4–7 Jun 2024
Europe/London timezone

Occultism in International Studies: A Research Agenda

5 Jun 2024, 10:45
1h 30m
Benjamin Zephaniah, The Exchange

Benjamin Zephaniah, The Exchange

Post-Structural Politics Working Group

Description

International Relations (IR) as a field has for a long time been preoccupied with understanding the possibilities and pitfalls of modernity. Here, it has been approached in terms of the knowledge system that modernity both naturalised and denaturalised, the subjectivities it simultaneously created and silenced, and the politics it made both possible and impossible (Blaney and Tickner 2017, Paolini 1999, Ruggie 1993, Shilliam 2013, Walker 1993). However, despite its preoccupation with modernity’s contradictions, the role that the occult has played in constructing and reproducing these knowledge systems, subjectivities and politics has been largely left unquestioned. This Roundtable aims to open up space for an an interrogation of the occult in IR, ultimately interrogating what the occult is a critique of both historically and in the present.

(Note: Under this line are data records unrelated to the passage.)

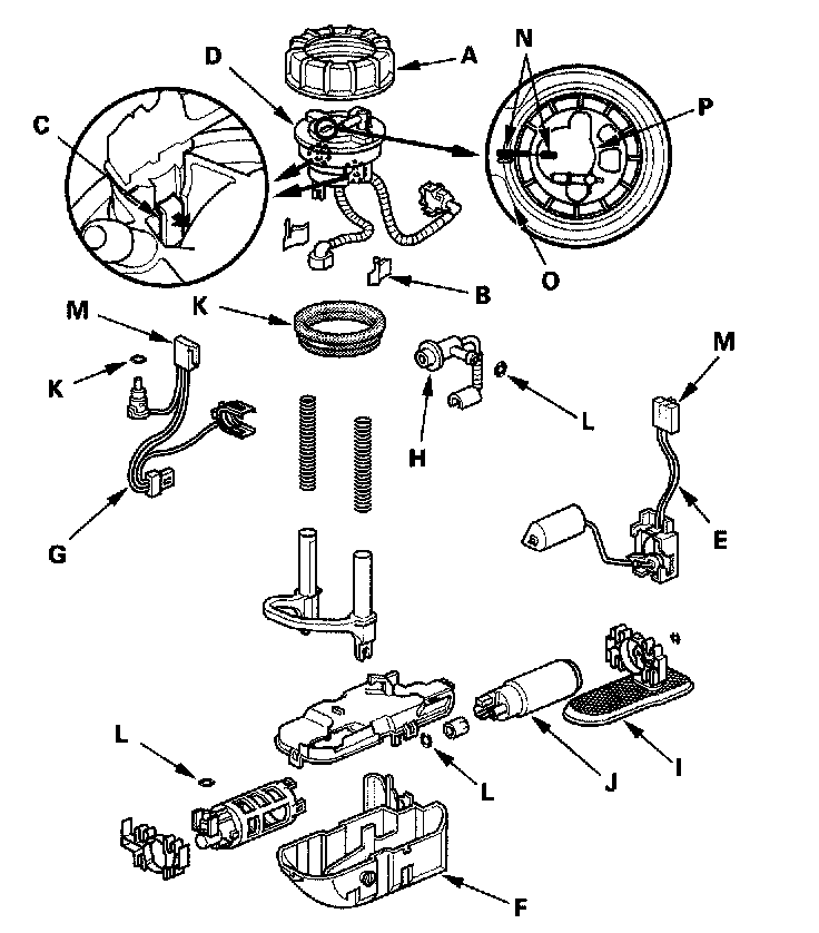 - When installing the fuel tank unit, align the marks (N) on the fuel tank (0) and the fuel tank unit (P).
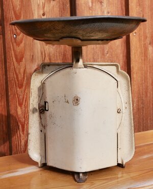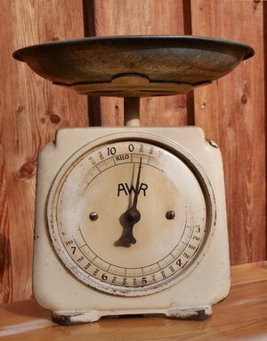 Federwaagen bestimmen ein Gewicht aufgrund der Verformung einer im Inneren der Waage befindliche Feder. Haushaltswaage des Herstellers AWR. Die Waage besteht - von oben nach unten - aus der Halterung für die runde Schale, der Anzeige des Gewichts mit Zifferblatt und Zeiger. Die Waage steht auf 3 Füßchen. Im oberen Teil des Ziffernblatts befindet sich die Aufschrift "AWR" in Zierschrift in der horizontalen Mitte. Etwas innerhalb des runden Rands des Ziffernblatts befindet sich eine Gewichtsskala in Kilo. Hergestellt wurden diese Waagen von etwa 1900 bis etwa 1930.
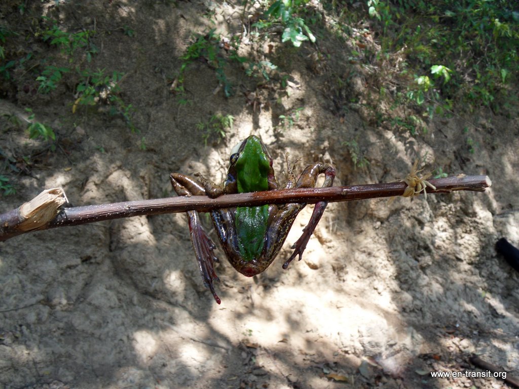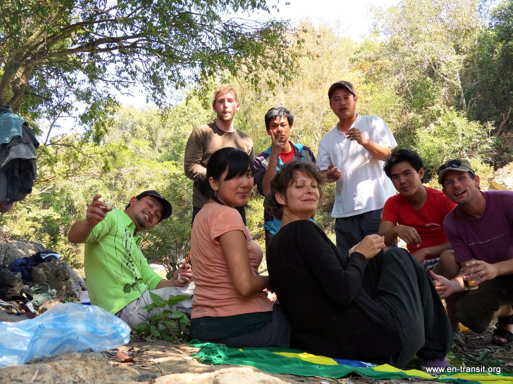 Nous sommes invités par la même équipe à une partie de pêche le jour suivant et découvrons les joies du pique-nique Lao : grenouille au feu de bois, oeufs de termites, piments et riz-collant. Journée très sympa au bord de l'eau.
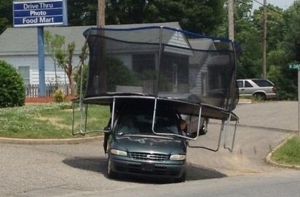 Главное, чтобы никто не прыгал на батуте во время езды.
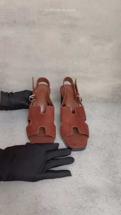 Introducing the high heel sandal in suede goatskin featuring the iconic "H" cut-out detail. Crafted for a chic and feminine style, these heels exude elegance and sophistication. With just the right heel height, they offer a perfect balance between sexy and refined. The neutral color adds versatility to your wardrobe, allowing you to effortlessly transition from work to meetings with confidence. Step into these heels and command attention wherever you go, asserting your authority and style with every stride.
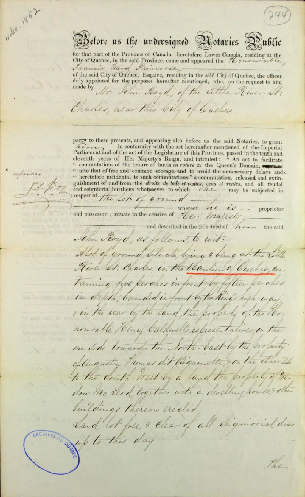 Acte de commutation d'un lot de terre situé à la Petite Rivière Saint-Charles, dans la banlieue de Québec, par l'Honorable Francis Ward Primrose, agent de Sa Majesté et officier dûment nommé, sur la requête à lui faite par monsieur John Boyd, de ladite Petite Rivière Saint-Charles, et conformément à l'acte intitulé «Acte pour faciliter la commutation de la tenure des terres en roture dans le domaine de la Reine en celle de franc et commun socage, et pour éviter les délais et les dépenses inutiles résultant ci-devant de ces commutations», par-devant Philippe Huot et Louis Panet, notaires publics, 4 décembre 1852, Archives nationales à Québec, Fonds Ministère des Terres et Forêts, (03Q,E21,S64,SS5,SSS1,D244).
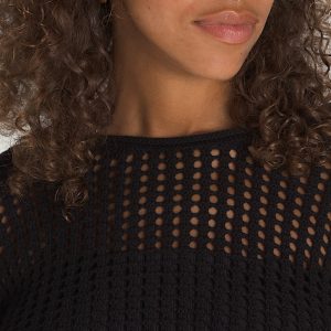 Open knit cropped pullover sweater80% cotton, 20% acrylic
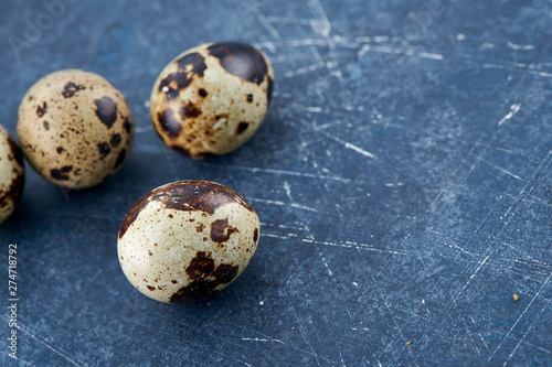 Obraz premium Quail eggs. Black background. Top view. Free space.
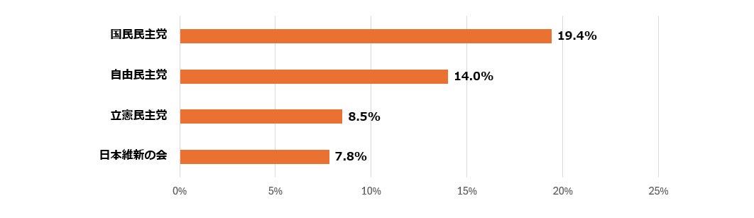 今後に期待できると最も感じる政党の上位は国民19.4%、自民14.0%、立憲8.5%、維新7.8%の順だった。
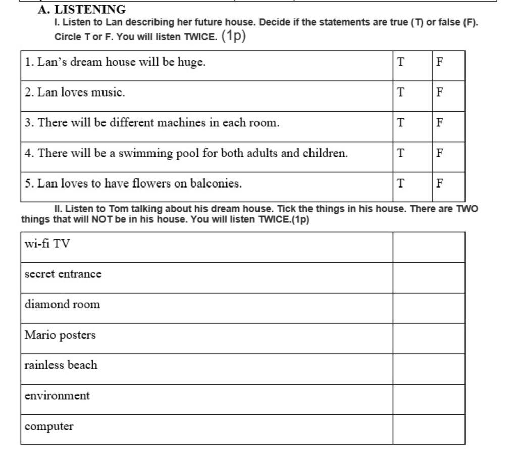 I. Listen to Lan describing her future house. Decide if the statements are true (T) or false (F).
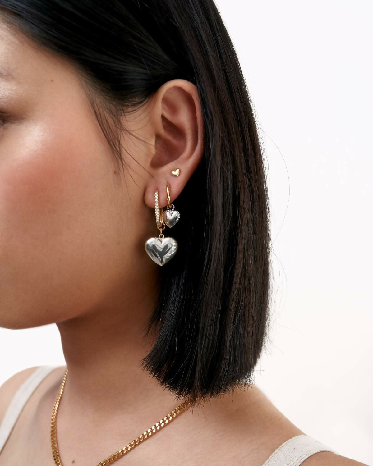 Queen of Hearts Oval Hoop - Single Ohrhänger - Versilbert
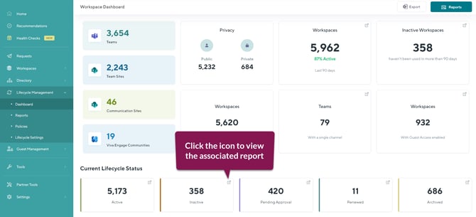 Any tiles with an icon on the top-right are linked to existing Workspace reports in Orchestry. Clicking this icon will take you to the workspace 'Reports' page where you can view the data in more detail and take appropriate actions.

Occultism, meaning ‘hidden’ in Latin, is associated with ideas of the supernatural and magical beliefs and practices. Further, it is often thought of as the antithesis of rational modernity, associated with either pre-modern superstitious beliefs or tied to racialised and orientalised ideas of Eastern mysticism. However, ideas of the occult have been central to Western modernity since the onset of the Scientific Revolution, where it constituted the dialectics through which notions of science and knowledge were erected (Hanegraaff 1998). It further rose to political prominence in the late 19th century through its association with radical political agendas like socialism, feminism, and anti-colonial agitation (Owen 2004, Gandhi 2006). In a contemporary age of Instagram witches, the uptake of occultism in far-right political ideologies, and spiritual healing as an integral part of the global wellness industry, it is clear that occultism warrants our attention as IR scholars.

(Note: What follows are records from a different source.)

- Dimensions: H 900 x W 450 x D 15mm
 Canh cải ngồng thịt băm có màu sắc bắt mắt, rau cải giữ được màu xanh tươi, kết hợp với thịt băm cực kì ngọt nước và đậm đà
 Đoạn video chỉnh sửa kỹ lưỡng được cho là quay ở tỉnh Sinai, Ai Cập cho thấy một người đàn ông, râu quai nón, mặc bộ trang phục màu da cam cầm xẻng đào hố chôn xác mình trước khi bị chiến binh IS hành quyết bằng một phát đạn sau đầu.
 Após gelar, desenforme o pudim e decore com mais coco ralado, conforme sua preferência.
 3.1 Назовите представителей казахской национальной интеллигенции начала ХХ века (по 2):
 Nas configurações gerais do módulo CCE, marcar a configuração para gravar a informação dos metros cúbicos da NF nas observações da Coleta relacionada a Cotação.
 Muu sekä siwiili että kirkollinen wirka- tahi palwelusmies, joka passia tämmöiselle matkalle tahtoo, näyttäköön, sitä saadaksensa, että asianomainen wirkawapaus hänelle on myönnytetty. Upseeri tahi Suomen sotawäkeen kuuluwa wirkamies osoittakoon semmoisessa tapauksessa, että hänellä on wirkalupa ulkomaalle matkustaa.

This Roundtable aims to explore the politics of the occult and what it is a critique of in terms of knowledge systems, subjectivities, and the politics of modernity. It starts from the premise that the occult is constructed as the ‘other’ of modernity as either belonging to a ‘past’ (within the space of Europe) or belonging to spaces outside of ‘Europe’ that have not yet ‘caught up’ with modernity. As such, in general, the occult is seen as ‘before’ and something that disappears as modernity is established. Yet, we argue that there is a dialectic relationship between the occult and scientific modernity that reproduces them both rather than a linear relationship when one follows the other. The aim of the Roundtable then is to investigate what possibilities and limitations this dialectic relationship creates and interrogate what it means for the knowledge systems, subjectivities, and politics under scrutiny in understanding the international.